In July 2011, the French government launched a call for tenders for the construction of wind farms off its coasts as part of an open multi-party initiative on environmental issues referred to as the “Grenelle Environnement”. Contracts were awarded on April 6th: France is indeed going to embark on the construction, installation and exploitation of its first offshore wind farms. These current developments give us the opportunity to review the benefits and constraints of this fledgling renewable electricity source.

France has long relied nearly exclusively on nuclear energy for its electricity production. Today it massively invests in renewable energy, particularly in offshore wind power. By 2016, the four wind farms to be built off the coasts of Normandy and Loire Atlantique (Fécamp, Courseulles-sur-mer, Saint-Nazaire and Saint-Brieuc) will generate an estimated 2 Gigawatts. France is striving to catch up with Germany and the UK and ambitions to triple its expected 2016 output in 2020, i.e. about 6GW, which would represent 1,000 to 1,200 windmills powering 4.5 million households.

Outstanding energy efficiency

Offshore wind farms work the same way as onshore wind farms: the wind’s kinetic energy drives turbines whose movement is turned into electricity, just like a dynamo. Offshore technology greatly benefits from recent advances in onshore technology but has a bigger potential: since offshore winds meet less obstacles, they are steadier, more intense and less stormy. All things being equal, a wind turbine is thought to produce twice more power offshore than onshore. Besides and quite simply, the sea offers almost endless obstacle-free spaces, which makes installing wind farms much easier. Finally, while critics often allege that wind turbines are an eyesore, causing “aesthetic pollution”, 15 km off the coasts they look like tiny needles, hardly more visible than a cargo ship on the horizon.
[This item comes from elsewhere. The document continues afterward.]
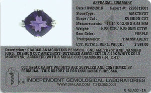 10 Karat White Gold and 6 CTW amethyst Ring and Diamonds

… entailing new technical and financial constraints

However, one must bear in mind that even offshore wind is intrinsically intermittent: it neither blows constantly nor steadily. For instance, wind blows more at night, whereas energy needs are obviously much bigger during daytime. It is thus extremely important to be able to store off-peak power to make it available during peak periods. Connecting the turbines to the grid is also a challenge of its own, as it requires a network of submarine cables capable of mitigating electricity losses.

Offshore wind farms also entail financial constraints: they are 30 to 50% more expensive than onshore. On the one hand, adequate ships are required to install the turbines and on the other hand, their maintenance is complex: they are subject to moisture and ocean currents and must be equipped with sensors to alert to the risk of corrosion. Finally, fixing a power failure may take several days, which could cause significant losses for the operator.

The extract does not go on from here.